Antropic enfrenta uma onda de críticas de usuários devido a problemas de desempenho com seu chatbot Claude AI

Antropic enfrenta uma onda de críticas de usuários devido a problemas de desempenho com seu chatbot Claude AI


A Anthropic, uma empresa de IA em ascensão, está enfrentando uma reação negativa de alguns de seus usuários mais ativos devido a uma suposta queda no desempenho de seus modelos de IA Claude.
Os problemas deixaram a empresa—recentemente avaliada em US$ 380 bilhões e supostamente se preparando para um IPO—apressada para responder à revolta dos usuários e às especulações online sobre suas intenções e sua habilidade de atender à nova onda de clientes.

Segundo diversos desenvolvedores e usuários frequentes, o popular modelo de IA Claude da Anthropic apresentou um declínio significativo em seu desempenho recentemente, com reclamações de que o modelo frequentemente não segue as instruções, opta por atalhos inapropriados em algumas situações e comete mais erros em fluxos de trabalho complexos.
As queixas parecem estar relacionadas a mudanças recentes que a Anthropic fez discretamente na forma como Claude opera, reduzindo o nível padrão de “esforço” do modelo para economizar na quantidade de tokens, ou unidades de dados, processados em resposta a cada pedido. (Um porta-voz da Anthropic afirmou publicamente que a mudança estava listada no changelog, uma lista de atualizações disponível para os usuários.)
Quanto mais tokens são processados por tarefa, maior é o poder computacional consumido.

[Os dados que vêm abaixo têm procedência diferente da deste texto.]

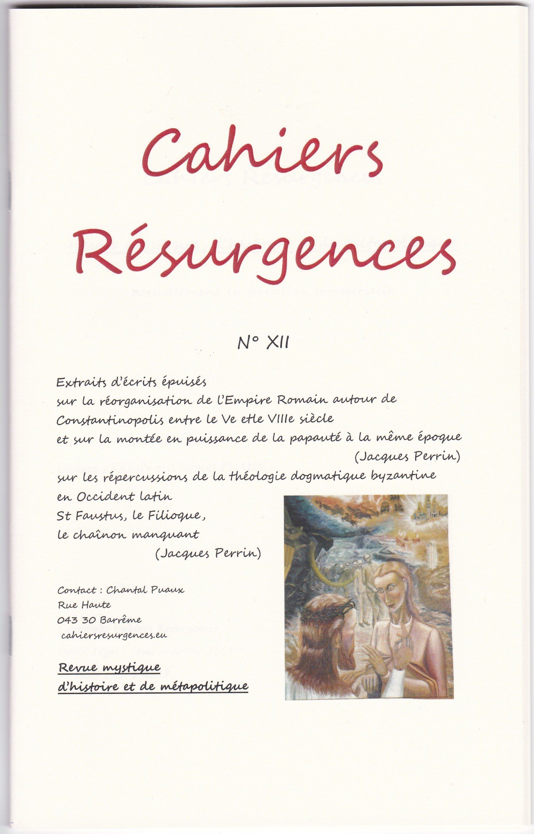 (n° IX et XV-XVII ainsi que les n° III,IV, V des Cahiers Résurgences) par Jacques Perrin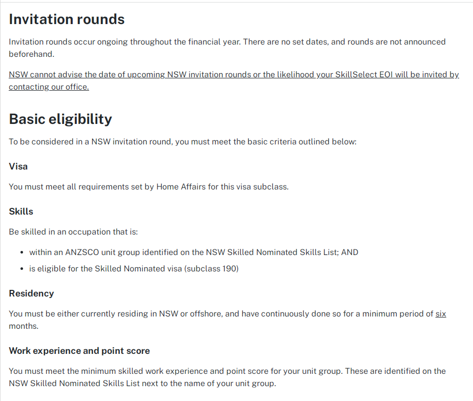 其次,NSW190担保还是采用邀请制,新州的邀请窗口期不设具体的日期,且不会提前通知,整个财年都会有邀请,新州也告知申请人新州州担保竞争激烈,申请人可以选择多种移民途径。

Há uma especulação generalizada de que a Anthropic, que anunciou menos acordos multibilionários para capacidade em centros de dados do que alguns de seus rivais, pode estar enfrentando escassez de recursos computacionais após um aumento significativo na adoção de seus produtos nos últimos meses.
A insatisfação dos usuários com a súbita queda de desempenho de Claude e a ira em relação à falta de transparência da Anthropic podem potencialmente prejudicar o crescimento acelerado da empresa, especialmente agora que ela busca atrair investidores para um potencial IPO. As alegações de que a Anthropic não foi clara sobre as mudanças feitas na operação de Claude ou sobre como essas alterações poderiam aumentar os custos de uso são particularmente ameaçadoras, pois, mais do que qualquer outra empresa de IA, a Anthropic tentou construir uma reputação de marca com base na transparência e na aliança com os interesses de seus usuários.

A Anthropic não respondeu às perguntas específicas de Fortune sobre as reclamações dos usuários do Claude. Boris Cherny, o executivo da Anthropic que lidera o produto Claude Code, respondeu online a queixas de usuários dizendo que a Anthropic havia reduzido o “esforço” padrão que Claude faz ao responder aos comandos dos usuários para “médio”, em resposta ao feedback de que anteriormente Claude estava consumindo muitos tokens por tarefa. No entanto, muitos usuários reclamaram que a empresa não destacou essa mudança para eles.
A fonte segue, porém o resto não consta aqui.